Между прочим, и я предупреждал об этом, советуя не доводить нашу эскадру до боя с японским флотом.
* После хотели вслед за эскадрой Рождественского послать наш скромный черноморский флот, совершенно оголив Черное море. На этом настаивали Великий Князь Александр Михайлович и граф Гейден и склоняли Государя. Граф Ламсдорф приходил ко мне советоваться. Я ему высказал, что посылка этой эскадры ничему не поможет на Дальнем Востоке, совершенно обессилив нас в Черном море, а главное, представляет акт, противный международным трактатам. Нарушение трактатов несомненно вызовет большие осложнения в Европе и, как только наш черноморский флот покинет Черное море, в него войдет английский флот. Граф Ламсдорф всячески {348} противодействовал посылке черноморского флота, но, как министр иностранных дел, базировался лишь на соображениях дипломатических. В моем архиве имеется печатная записка по этому предмету графа Ламсдорфа. В данном случае его влияние взяло верх. (См. об этом также -Воспоминания ВК Александра Михайловича, на нашей странице - ; ldn-knigi)

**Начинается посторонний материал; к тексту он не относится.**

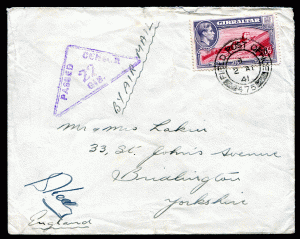 GIBRALTAR: (19151) KG6 FPO 475 cover with CENSOR postmark/cancel
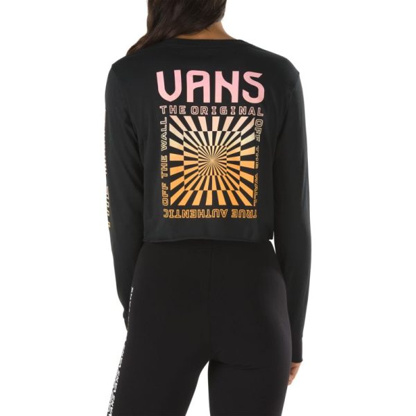 The Breath Work T-Shirt is a heavy 100% cotton jersey long sleeve tee with graphics at the chest, back, and sleeve, and a cropped fit. Model is 5 feet 9 inches tall and wearing a size Small.
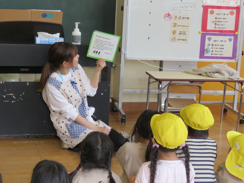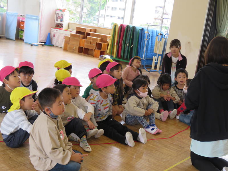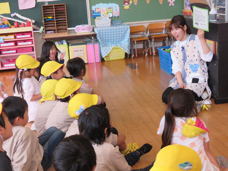 ※教育実習で来ている「福島学院短大」の学生さんにも協力してもらっています。

В связи с делом об эскадре Рождественского находилось дело о покупке аргентинского флота. История эта также безумна по своему политическому основанию, как, в особенности, по исполнению. По политическому основанию она нелепа потому, что, если бы эта покупка совершилась, то державы, поддерживавшие Японию, в этой покупке нашли бы предлог усилить японский флот под тою или другою формою своим флотом, так как продажей Аргентиной России своего флота нарушался принцип нейтралитета. Что же касается исполнения этой покупки, то этим делом под флагом большой секретности занимались такие господа как Котю (Панама), адмирал Абаза, который ездил заграницу, изменял свою фамилию, переодеваясь, брея свою бороду и усы - одним словом, с полнейшей конспирацией, а к ним прилепились десятки темных дельцов.
Флот, конечно, приобретен не был, но были затрачены и украдены многие миллионы. Это одна между многими другими из историй безобразнейшего хищения казенных денег. *
14 и 15 мая произошел несчастнейший цусимский бой и вся наша эскадра была похоронена в японских водах. Это был последний удар той несчастной затеи, которая привела нас к японской войне.
После этого поражения у всех явилось сознание, что необходимо покончить войну миром и это течение так сильно начало проявляться, что дошло, наконец, и до трона.
Его Императорское Величество начал склоняться к мысли о примирении.
В течение всей кампании я несколько раз пытался повлиять в смысле прекращения войны, не ожидая от продолжения ее никаких для нас выгод. Но все мои попытки ни к каким результатам не приводили.
Но благодаря этим попыткам Его Величество знал, как я был против того, чтобы начинать эту войну, принесшую нам такие несчастья, так и в течение войны стремился, - и не скрывал моих мыслей перед Его Величеством, - не доводить войну до крайности и покончить скорее дело миром; так как я был {349} уверен, что чем раньше мы пойдем на мирные переговоры, тем лучшие результаты нами будут достигнуты.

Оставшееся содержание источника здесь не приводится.